The facts as alleged clearly show a dangerous condition on an extremely sloping parking lot; that such condition had existed for several months and that the increased danger caused by the icing conditions on the particular morning of the accident had existed for several hours prior to the injury of the plaintiff. It is further alleged that the loamy bank and the bushes on it made *841 it difficult to observe the condition of the parking space where the plaintiff was authorized to park and that the slippery loamy washings from the bank were of such a texture and color as to make it difficult to distinguish the area covered by the loam from the clear surface. The plaintiff alleges that he had no knowledge of the condition of the parking lot and that its condition was such that it would have taken special attention to discover the true dangerous condition of the surface. The plaintiff further alleges that the condition of the lot for several months and the condition of the lot on the morning of the accident were known by the defendant or reasonably should have been known, and that several employees and executives of the defendant had parked in the small area of the parking lot on the morning of the accident. The plaintiff further asserts that the defendant was negligent in not taking some action to warn of or to alleviate the dangerous condition of the parking lot on the particular morning of the accident when the plaintiff sustained the injury.

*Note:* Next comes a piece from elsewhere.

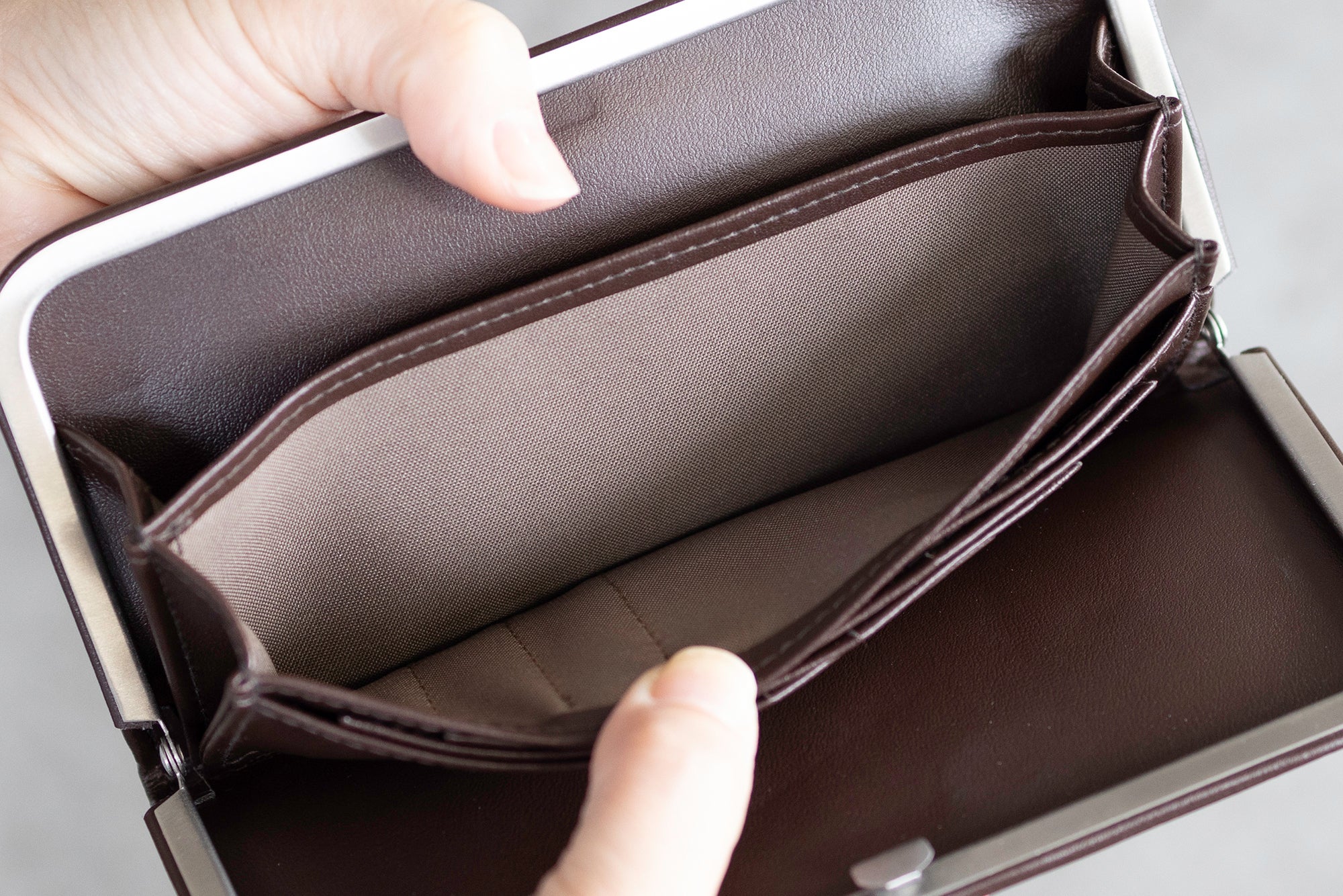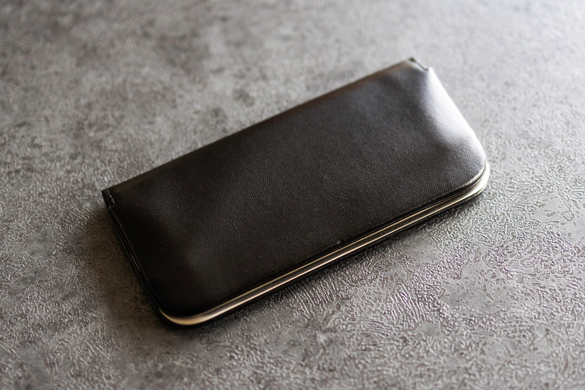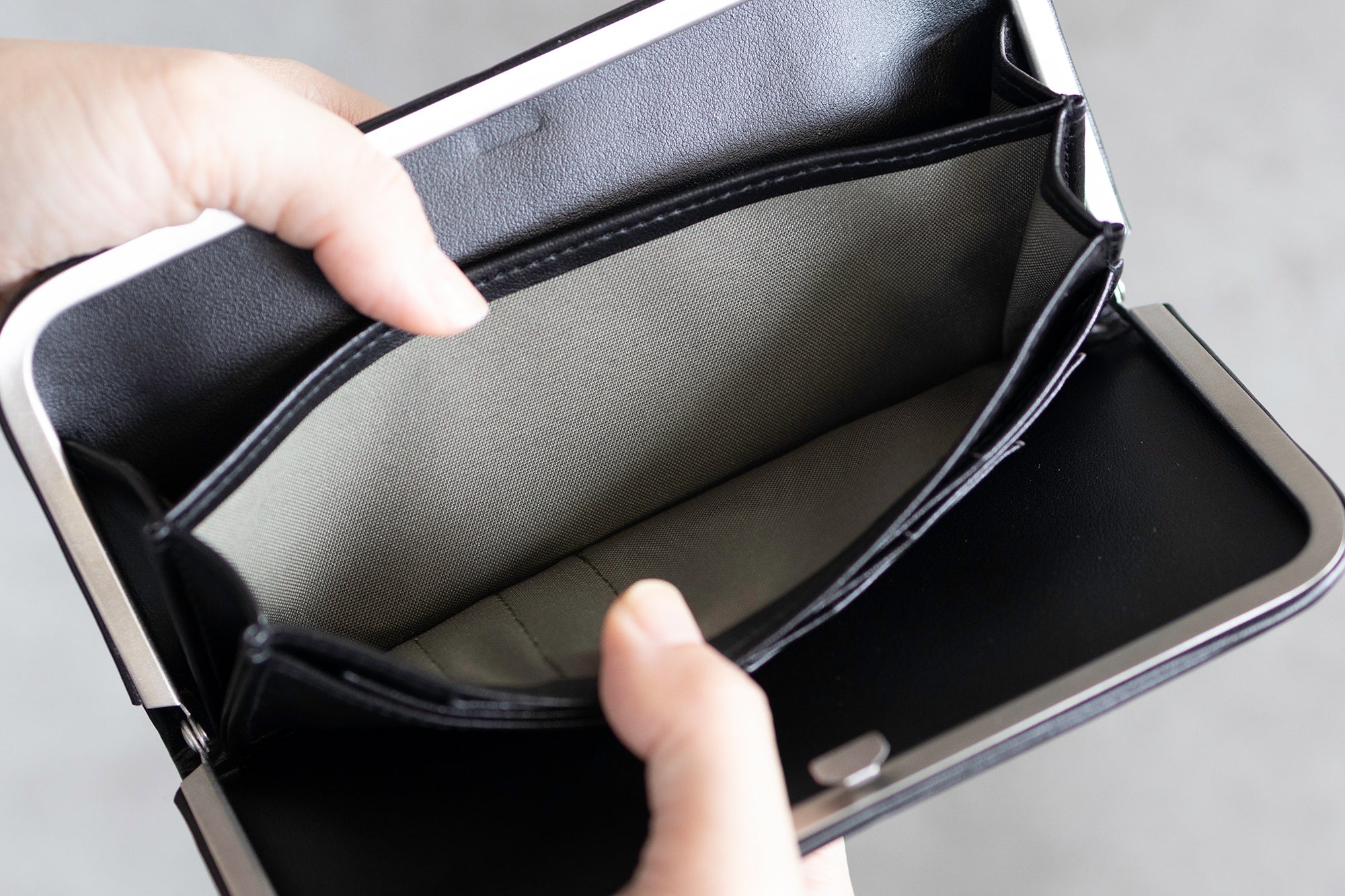 オリジナルでサイズ設計した天溝(てんみぞ)という口金を使用した長財布で、内部に隠された金属ボタンを外側から押すことで、片手でも容易に開封することが出来ます。

Whatever the result might be, had the plaintiff based his claim only on the icy condition on the morning involved, it is clear that in this case the petition is alleging not only the icy condition but the slipperiness caused by a loamy soil being washed during rains onto the surface of the parking space, which condition is alleged to have existed for several months unknown to the plaintiff. This is a matter which calls for an evidentiary consideration.

Although the law of the responsibility of owners to invitees on their property may seem at times to place an inordinately heavy burden on the owners, and although the trial of this case may lead the jury to conclude that the plaintiff's negligence may bar him from any recovery, yet it cannot be said as a matter of law that the facts as shown by the petition do not present a question for the jury as to whether the owner failed to exercise ordinary care in keeping the premises safe as required under Code § 105-401, nor may they be taken as establishing that the conduct of the plaintiff was such as to show no right to relief when being considered on general demurrer. Martin v. Henson, 95 Ga. App. 715, 736, 737, and 739 (99 S.E.2d 251); Woolworth Co. v. Wood, 32 Ga. App. 575 (124 S.E. 110).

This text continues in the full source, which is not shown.